2. **Fresh Host Reprovision request.** The Rack state machine (or an operator
   via `trigger_host_reprovisioning`) can issue a brand-new Host Reprovision
   request at any time. The new request overwrites
   `host_reprovisioning_requested` with `started_at = None`; the FailedFirmwareUpgrade
   handler detects this fresh request and restarts the upgrade flow from
   `CheckingFirmwareV2` with `retry_count` reset to `0`, mirroring the way
   `ManagedHostState::Ready` kicks off a Host Reprovision (including the
   `host-fw-update` health-report alert merge). Rack-level requests (initiator
   prefixed with `rack-`) instead enter `WaitingForRackFirmwareUpgrade`.

This guarantees the Rack can always drive a stuck compute out of
`FailedFirmwareUpgrade` without waiting for the retry backoff, which is
important during `R_Maintenance` where the Rack must converge all computes back
to `M_Ready` before progressing to `R_Validation`.
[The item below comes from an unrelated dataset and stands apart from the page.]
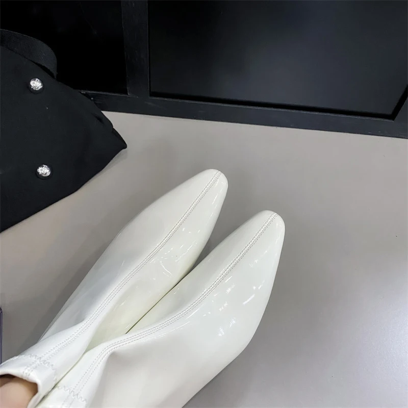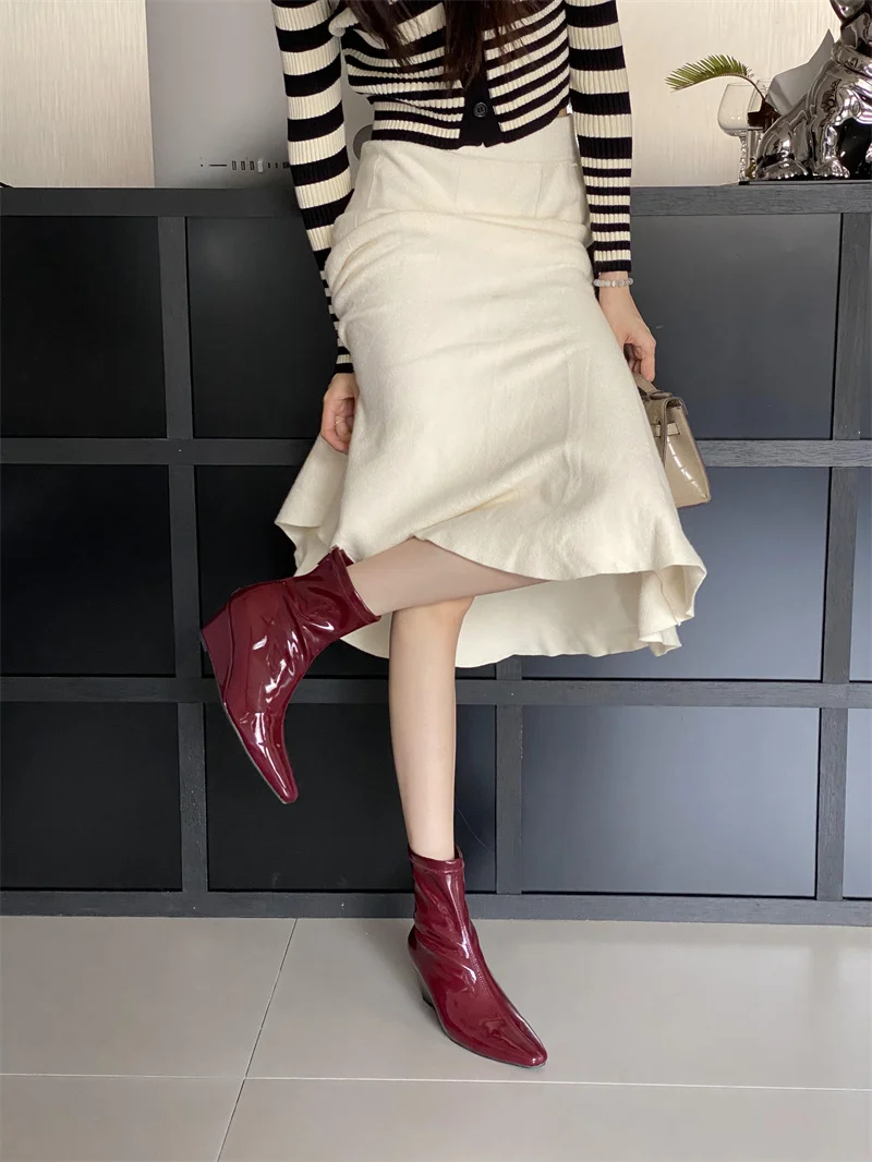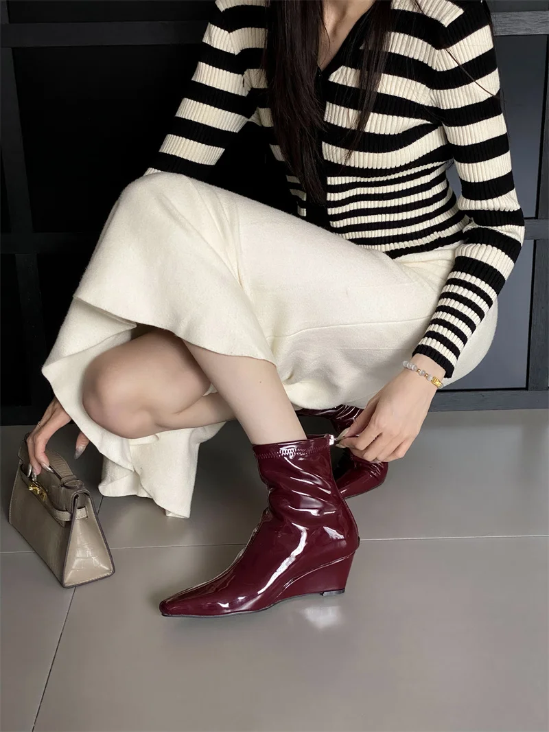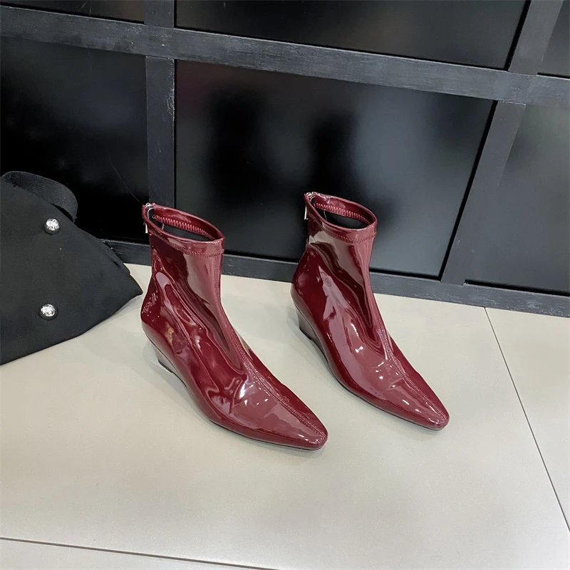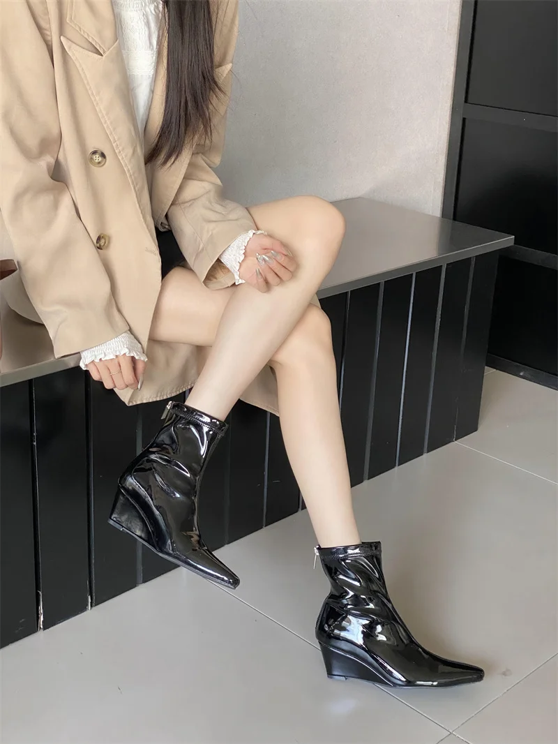 LBSFY - High Quality Soft Cozy Patent Leather Ankle Boots Women Sexy Pointed Toe Wedges Heels Party Prom Shoe Booties Female Pumps

### Tray Replacement (External Event)

When a tray (compute machine) in a rack is physically replaced, the rack topology changes. This is an external event that triggers the following state machine transitions:

1. **Old machine:** The replaced machine is removed from the rack. Its Machine state machine terminates (deletion path).
2. **New machine:** Site Explorer detects the new tray and creates a new machine entity in **M_Created**. The new machine progresses through its ingestion states toward **M_Ready**.
3. **Rack:** The rack detects the topology change (`topology_changed`) and transitions from **R_Ready** → **R_Discovering**. In R_Discovering the rack waits until the new machine reaches **M_Ready** (and all other machines, switches, and power shelves remain ready), then proceeds through **R_Maintenance** → **R_Validation** → **R_Ready** as in the normal flow.

This ensures that any replaced hardware is fully discovered, provisioned, and validated before the rack returns to an operational ready state.

### How the data is organized

A **rack** is the top-level entity. Every **machine** (compute tray), every **switch**, and every **power shelf** belongs to exactly one rack.

- Each rack has a unique identifier (the rack ID).
- Each child device stores the rack ID of the rack it belongs to.
- Each switch has `switch_reprovisioning_requested` and per-cycle status fields (`firmware_upgrade_status`, `nvos_update_status`, `fabric_manager_status`) that the rack state machine sets during maintenance.

When a site operator enters an expected rack (with a rack ID and rack type), Site Explorer creates the rack entity as soon as it discovers machines, switches, or power shelves that share the same rack ID. From that point the rack tracks its children through their respective state machines until the entire rack reaches a ready state.

## Implementation

- **Rack state type**: `RackState` in `crates/api-model/src/rack.rs`.
- **Rack handlers**: `crates/rack-controller/src/`.
- **Switch state type**: `SwitchControllerState` in `crates/api-model/src/switch/mod.rs`.
- **Switch handlers**: `crates/switch-controller/src/`.
- **On-demand maintenance API**: [On-Demand Rack Maintenance](/infra-controller/documentation/architecture/state-machines/on-demand-rack-maintenance).